One more issue with GC is that you don't control memory layout which could be important for your algorithm due to effects on CPU cache memory. Objects are moved in memory during GC operation. Often GC languages have multiple heaps/levels for objects. All objects initially are allocated in first level, which is super fast, typically just same "one add op" like in memory arena. Then if object survives 1 or 2 GC collections it is assume "long lived" and copied over to second heap. Sometimes there are more levels for specific cases (large allocation, etc..). This costs some performance. All this moving means that you cannot keep persistent pointers. If you need stable address, for example for passing to GL/D3D/Vulkan APIs, you need to "pin" objects to fixed location which complicates GC algorithm (again performance). For objects that can be moved around it needs to update all the pointers inside other objects which point to moved object. I hope you can see that all this is about control - which you don't have if you use GC. And it goes back to your first point - slowness for GC algorithm due to checking and updating references to live objects during GC compact operation. You are paying in performance for a lot of hidden cost that could be simple "sub" operation for memory arena :)

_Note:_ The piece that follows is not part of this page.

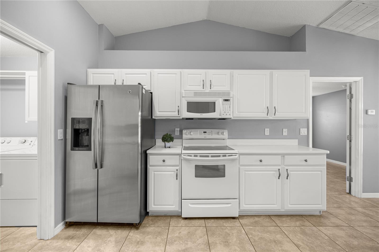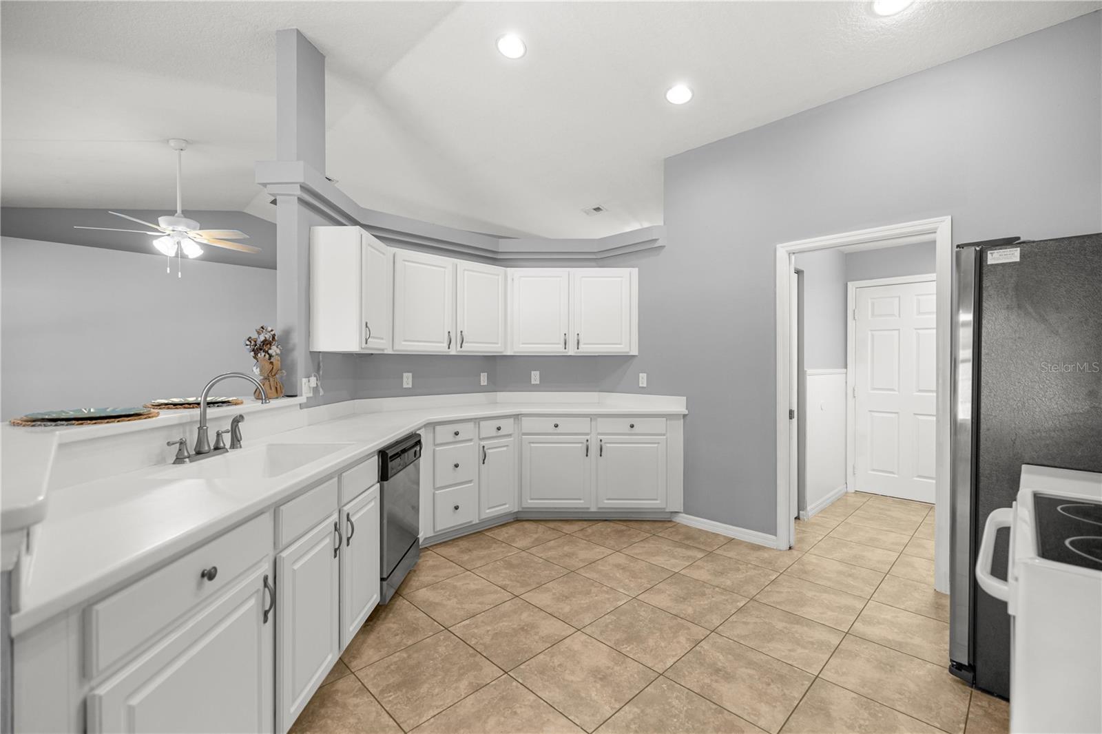 This thoughtfully designed three bedroom, two bath home with a split bedroom floorplan is located in The Fountains, a quiet Northwest neighborhood in an ideal location. It offers neutral decor and easy-care tile floors throughout. Its volume ceilings lend to its spacious feel. The large kitchen has plenty of cabinets, solid surface counters, an eat-at bar and adjoining dining area. An inside laundry off the kitchen has a pantry and leads to the attached garage. The primary bedroom provides a private retreat, large enough to accommodate a king sized bed, with an en suite bath and walk-in closet. Enjoy Ocala's mild weather with the fenced backyard and covered rear porch, perfect for relaxing or entertaining. This desirable community has extremely low and affordable HOA fees at approximately $338/year, paid annually or semi-annually. For those that commute, this location will provide easy access to major East/West and North/South arteries. It's conveniently located just minutes from shopping, fine dining, banking, medical and dental, I-75 and the World Equestrian Center.

Edited by Mārtiņš Možeiko on September 12, 2018, 8:21am Reason: typos

Henry Kloren

#16311

September 12, 2018

understood. thanks very much for your help.

ratchetfreak

#16313

September 12, 2018

A general GC does not make any assumptions about your allocations which means it must be backed by a general allocator. This is the first big issue. You (in the majority of times) cannot specify whether an object is short lived or long lived, which objects should be allocated close together etc.

A custom allocation scheme (like HMH's arena) Puts a few restrictions on your allocations but this downside is much less than the gain you get from simplifying the operations needed to allocate and deallocate.

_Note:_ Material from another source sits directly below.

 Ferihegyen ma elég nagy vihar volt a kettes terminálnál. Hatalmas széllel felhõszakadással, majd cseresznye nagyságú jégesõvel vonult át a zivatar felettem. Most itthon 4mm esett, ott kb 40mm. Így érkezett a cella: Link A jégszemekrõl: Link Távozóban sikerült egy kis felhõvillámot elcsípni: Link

A GC also needs meta information about what you are allocating so it knows where the pointers are. If you are using dynamic typing (inheritance, tagged unions,...) then it also needs to tie into that to figure out which concrete class each object is. You can do without that if you assume that every pointed-aligned & pointer-sized value is a pointer, but this leads to phantom strong references that result in leaks.

GC can also leak object if you forget to null a reference to an object. Most common way this explodes is through a cache or map that doesn't get cleared.

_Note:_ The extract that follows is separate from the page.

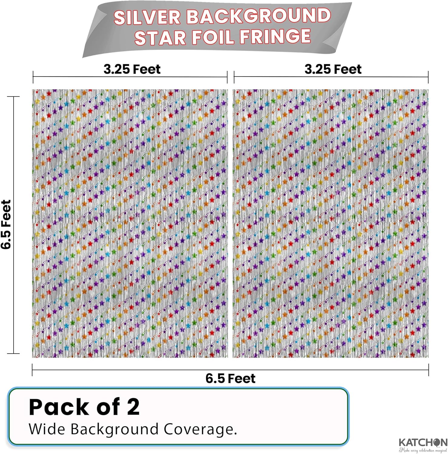 KatchOn, Star Silver Foil Fringe Curtains – Pack of 2 | Silver Fringe Backdrop for Birthday, Labor Day Decorations, Patriotic Decorations | Star Streamers for Unicorn, Rainbow, Space Party Decoration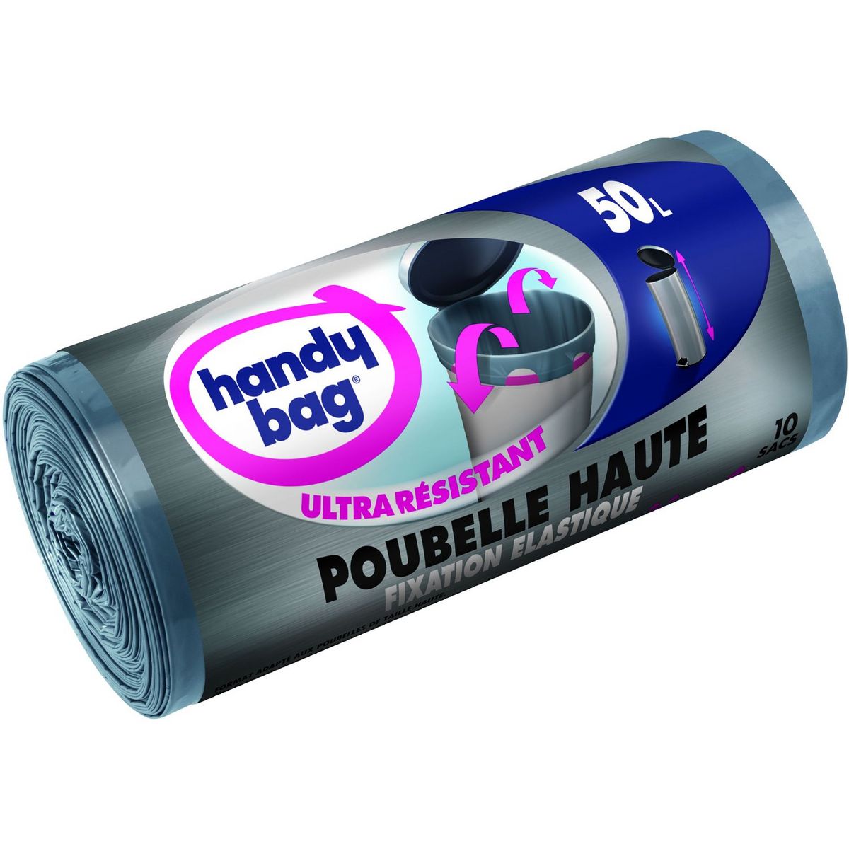 HANDY BAG sacs pour POUBELLE HAUTE FIXATION ELASTIQUE à poignées coulissantes 50 L

A GC also needs a way to access all objects independently from the application's object graph. Running a full GC will also touch all memory the application allocated which will pollute the cache. The concurrent mark implementations need the executing thread to do some extra work when they read/write pointers to avoid race conditions leading to false negatives.

Neo Ar

#16321

September 13, 2018

HFKloren
The second is that GC is non-deterministic and can happen at any time, causing potential stalls when rendering a frame.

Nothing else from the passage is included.